**Work task**
The records below are to be restated word for word; their pictures are not.

**Recorded data**
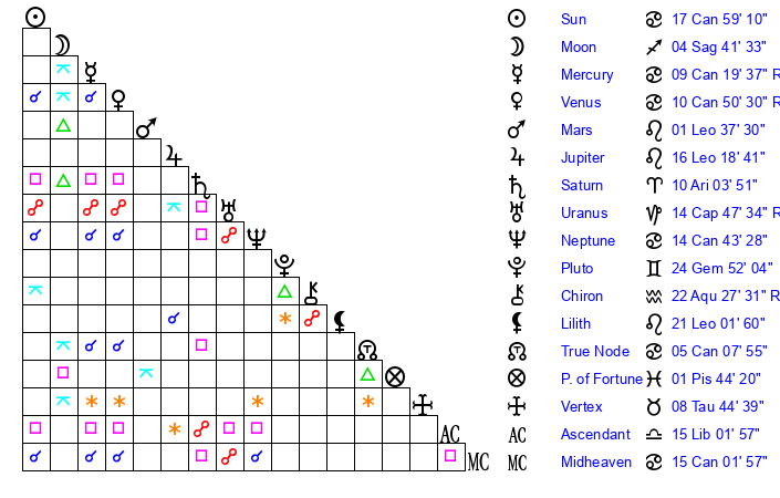 | Neptune | 14 Cancer 44 | 2 Aries 9 | 17 Cancer 3 |
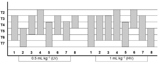 A solution of 200 mL of lidocaine (Lidocaine 2%, B. Braun Melsungen AG, Melsungen, Germany) and 0.2 mL of methylene blue was prepared and 0.5 mL kg−1 (LV) and 1 mL kg−1 (HV) were loaded in two syringes for each of the eight canine cadavers. One of the two volumes was injected into the TTP in one side of the thorax and the other into the contralateral side, after a randomization performed using Microsoft Excel for Windows Version 2103 (Microsoft Corporation, Redmond, WA, USA). The investigator who performed the anatomical dissections (M.A.) was different from the one that injected the solution (C.L.), being the first one blinded to the injection side randomization.
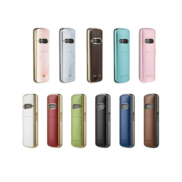 VooPoo VMATE E Pod Kit je nádherně zpracovaná a stylová e-cigareta, která přichází na scénu hned v šesti barvách. Tělo je vyrobeno z kombinace zinkové slitiny a kůže, na výběr budete mít ze tří konvenčních barev s šedou konstrukcí, nebo tři moderní a luxusní barvy s pozlacenou konstrukcí. Rozměry e-cigarety činí krásných 99,5 x 30,5 x 17 mm, díky čemuž se bude příjemně držet v ruce při každodenním používání.
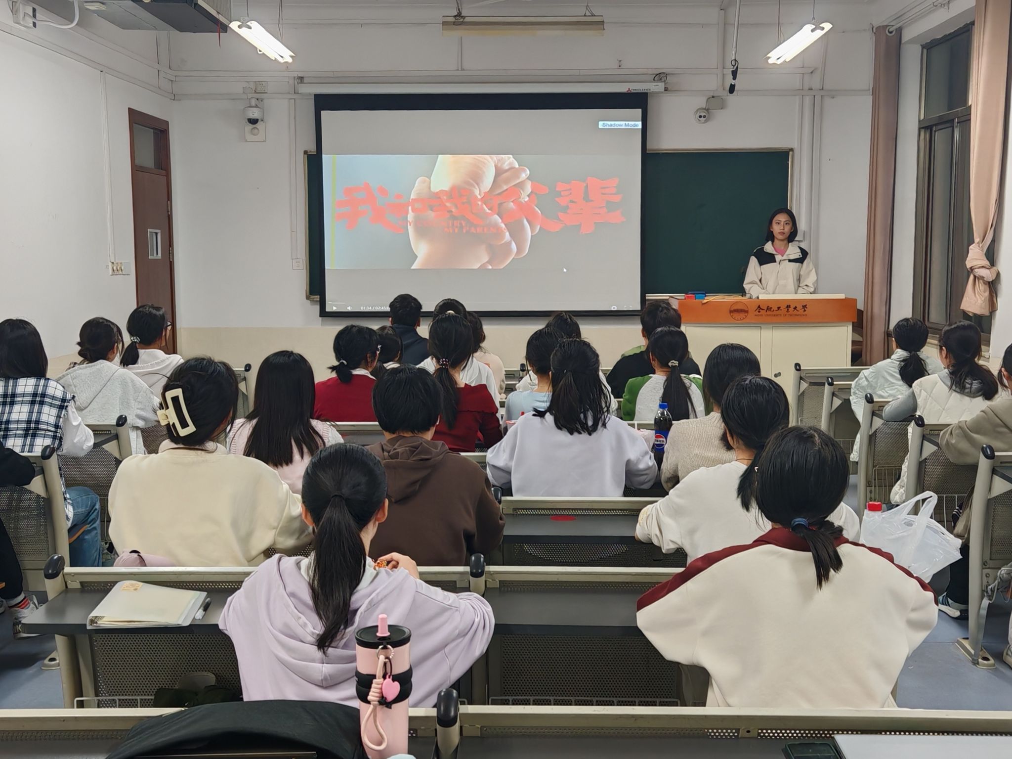 活动伊始,同学们怀着无比激动的心情,齐声高唱中华人民共和国国歌,激昂的旋律瞬间点燃了现场的爱国氛围。随后,活动紧密围绕“新中国成立的伟大意义”、“75年的光辉历程”以及“新时代中国青年的奋斗方向”三个核心方面展开,全面展现了新中国自成立以来的沧桑巨变,从建国初期的艰难困苦到现代化建设的蓬勃发展,每一个历史瞬间都深深触动了在场每一位同学的心灵。接着,大家一同观看了影片《我和我的父辈》。通过这部感人至深的影片,同学们仿佛穿越时空,亲历了几代人的奋斗历程,心中涌动的爱国之情愈发强烈,久久不能平息。活动接近尾声,团支书徐悦媛进行总结讲话,倡议现场同学,面对未来无数的挑战,我们每个人都应以积极向上的态度认真对待,遵循党的二十届三中全会精神,迎难而上,勇往直前,为实现中华民族伟大复兴贡献自己的青春力量。同学们纷纷表示,将以此次团日活动为契机,积极向党组织靠拢,努力成为有理想、有担当、能吃苦、肯奋斗的新时代好青年。在自己的专业领域内不懈奋斗,为中国梦的实现添砖加瓦,贡献自己的力量!
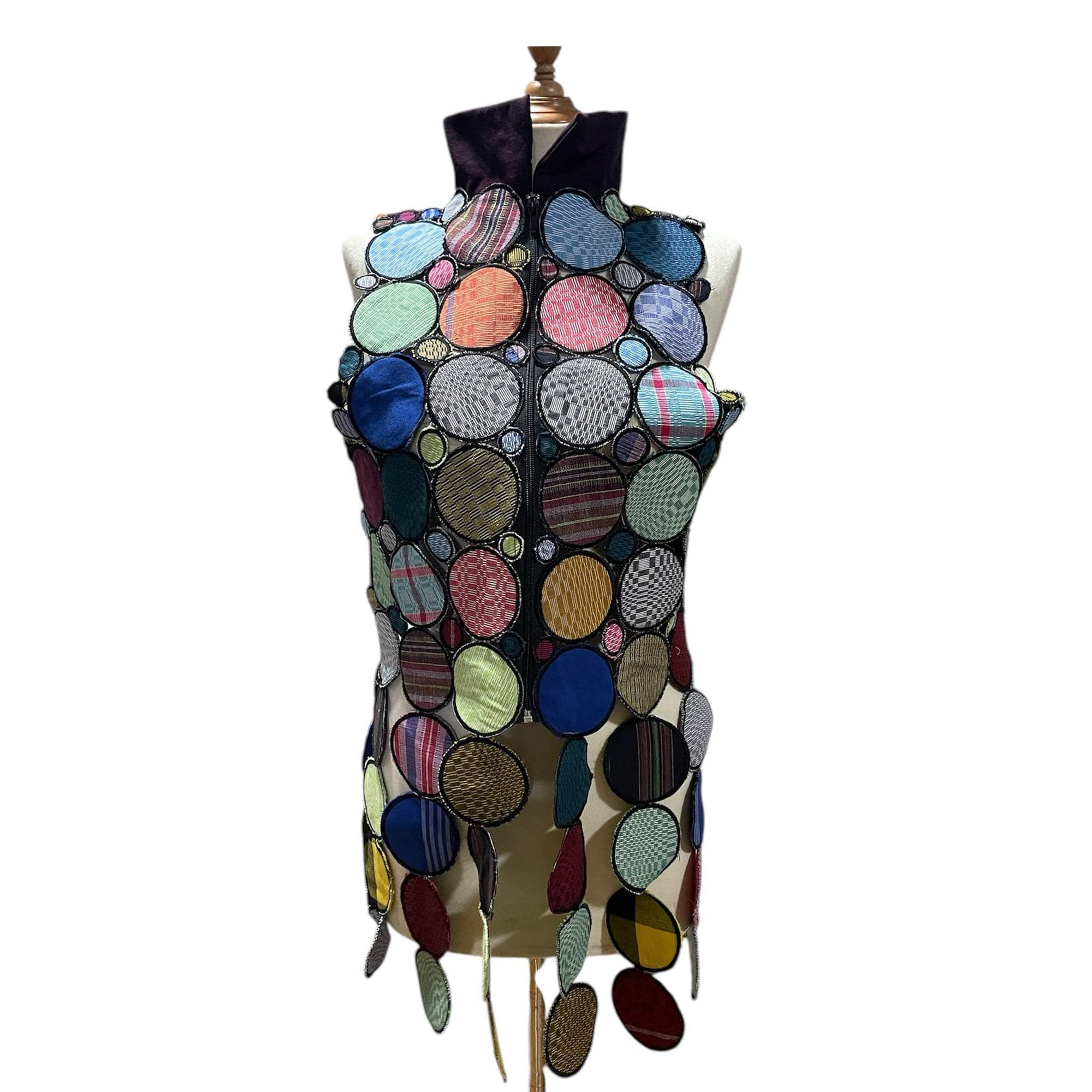 Made of Kantarines fabric vest and leftover cut out pieces. Ulan vest is the perfect piece to accentuate any outfit.
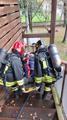 I vigili del Fuoco, muniti di presidi di protezione individuale specifici per contesti emergenziali caratterizzati dalla presenza di fiamme e fumo, hanno recuperato e messo in sicurezza su barella spinale una persona intossicata (naturalmente trattavasi di simulazione) e trasportata, con apposite imbragature, al piano terra, servendosi della scala d’emergenza esterna.
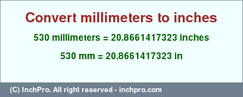 530 millimeters to inches = 20.8661417323″ (in)

**Worked solution**
 | Neptune | 14 Cancer 44 | 2 Aries 9 | 17 Cancer 3 |
 A solution of 200 mL of lidocaine (Lidocaine 2%, B. Braun Melsungen AG, Melsungen, Germany) and 0.2 mL of methylene blue was prepared and 0.5 mL kg−1 (LV) and 1 mL kg−1 (HV) were loaded in two syringes for each of the eight canine cadavers. One of the two volumes was injected into the TTP in one side of the thorax and the other into the contralateral side, after a randomization performed using Microsoft Excel for Windows Version 2103 (Microsoft Corporation, Redmond, WA, USA). The investigator who performed the anatomical dissections (M.A.) was different from the one that injected the solution (C.L.), being the first one blinded to the injection side randomization.
 VooPoo VMATE E Pod Kit je nádherně zpracovaná a stylová e-cigareta, která přichází na scénu hned v šesti barvách. Tělo je vyrobeno z kombinace zinkové slitiny a kůže, na výběr budete mít ze tří konvenčních barev s šedou konstrukcí, nebo tři moderní a luxusní barvy s pozlacenou konstrukcí. Rozměry e-cigarety činí krásných 99,5 x 30,5 x 17 mm, díky čemuž se bude příjemně držet v ruce při každodenním používání.
 活动伊始,同学们怀着无比激动的心情,齐声高唱中华人民共和国国歌,激昂的旋律瞬间点燃了现场的爱国氛围。随后,活动紧密围绕“新中国成立的伟大意义”、“75年的光辉历程”以及“新时代中国青年的奋斗方向”三个核心方面展开,全面展现了新中国自成立以来的沧桑巨变,从建国初期的艰难困苦到现代化建设的蓬勃发展,每一个历史瞬间都深深触动了在场每一位同学的心灵。接着,大家一同观看了影片《我和我的父辈》。通过这部感人至深的影片,同学们仿佛穿越时空,亲历了几代人的奋斗历程,心中涌动的爱国之情愈发强烈,久久不能平息。活动接近尾声,团支书徐悦媛进行总结讲话,倡议现场同学,面对未来无数的挑战,我们每个人都应以积极向上的态度认真对待,遵循党的二十届三中全会精神,迎难而上,勇往直前,为实现中华民族伟大复兴贡献自己的青春力量。同学们纷纷表示,将以此次团日活动为契机,积极向党组织靠拢,努力成为有理想、有担当、能吃苦、肯奋斗的新时代好青年。在自己的专业领域内不懈奋斗,为中国梦的实现添砖加瓦,贡献自己的力量!
 Made of Kantarines fabric vest and leftover cut out pieces. Ulan vest is the perfect piece to accentuate any outfit.
 I vigili del Fuoco, muniti di presidi di protezione individuale specifici per contesti emergenziali caratterizzati dalla presenza di fiamme e fumo, hanno recuperato e messo in sicurezza su barella spinale una persona intossicata (naturalmente trattavasi di simulazione) e trasportata, con apposite imbragature, al piano terra, servendosi della scala d’emergenza esterna.
 530 millimeters to inches = 20.8661417323″ (in)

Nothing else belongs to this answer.